Elastic Observability: Driving mean time to resolution to zero

blog-thumb-release-observability.png

At ElasticON Global 2021, Tanya Bragin, VP Product, Observability, and the Elastic Observability team showed how ongoing innovations continue to deliver actionable insights and faster root cause detection, reducing mean time to resolution (MTTR).

The adoption of cloud, microservices, and ephemeral infrastructure is driving increased complexity, requiring an observability solution to provide end-to-end visibility. Elastic Observability, as recognized by Gartner, GigaOm, and EMA, continues to build a comprehensive solution by delivering functionality related to:

  • Unified agent for ingesting all telemetry data with centralized management
  • Integration with cloud native technologies (e.g., Kubernetes)
  • Native integrations with major cloud providers including Amazon Web Services, Microsoft Azure, and Google Cloud Platform
  • Automated root cause analysis in application performance monitoring (APM) leveraging machine learning
  • Enhanced APM troubleshooting workflows integrating logs, third-party dependencies, and backend services
  • Intuitive service maps for contextual troubleshooting
  • Support for OpenTelemetry (OTel)
  • Synthetics and real user monitoring (RUM) enhancements
Our commitment to open source communities means that Elastic Observability will always be an open and extensible platform. We are committed to adopting and contributing to open standards and open source initiatives. The goal? Delivering customers a comprehensive observability platform that maximizes user flexibility and minimizes vendor lock-in.
Elastic Observability - Overview and components

 

Making data relevant, contextual, and actionable

Operations and development teams are often confronted with siloed tools for metrics, logs, and traces. Even with a single tool, the data is often in silos with no context or is missing relevant metadata (dimensionality), which increases mean time to detection (MTTD) and resolution (MTTR). Elastic Observability seamlessly scales to large amounts of data with high dimensionality and cardinality with little to no performance or cost surprises.

Frictionless onboarding via Elastic Agent and centralized management allows for simplified collection of all telemetry data, including cloud-native technologies such as Kubernetes. We’ve also added integrations with Microsoft Azure and Google Cloud Platform to natively ingest telemetry data, with additional integrations coming.

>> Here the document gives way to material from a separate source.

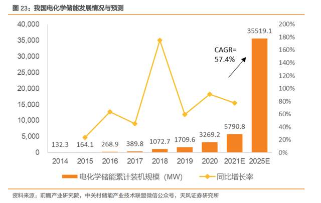 预计未来电化学储能将持续维持快速增长态势,至2025年累计装机规模达到35519.1MW,2021-2025年复合增长率为57.4%。

Elastic Observability - Interface

 

Context is required for efficient and quick troubleshooting of incidents. Elastic APM service maps visualize application topology and accelerate troubleshooting by giving you the ability to see the status of services, anomalies detected, and logs in the context of transactions. They also allow you to compare service performance over any historical baseline, making it easy to detect misbehaving services. Our recent support for performance views into third-party service dependencies eliminates blind spots from your environment. We are further expanding our APM capabilities with support for Mobile iOS agent, in technical preview.

Elastic Observability - Application Performance Management (APM) Interface

 

Our next step on the journey to connect the dots is to deliver context between your application and infrastructure. Often, application performance is degraded due to performance issues in the infrastructure. We will be delivering the ability to view infrastructure performance in context to the application performance and related logs, delivering unified observability. We’ve also had requests for the ability to compare service performance across versions, cloud regions, availability zones, and other metadata. This future capability would help compare performance between A/B or canary deployments and allow for quick troubleshooting of deployment issues.

Elastic Observability - APM Services UI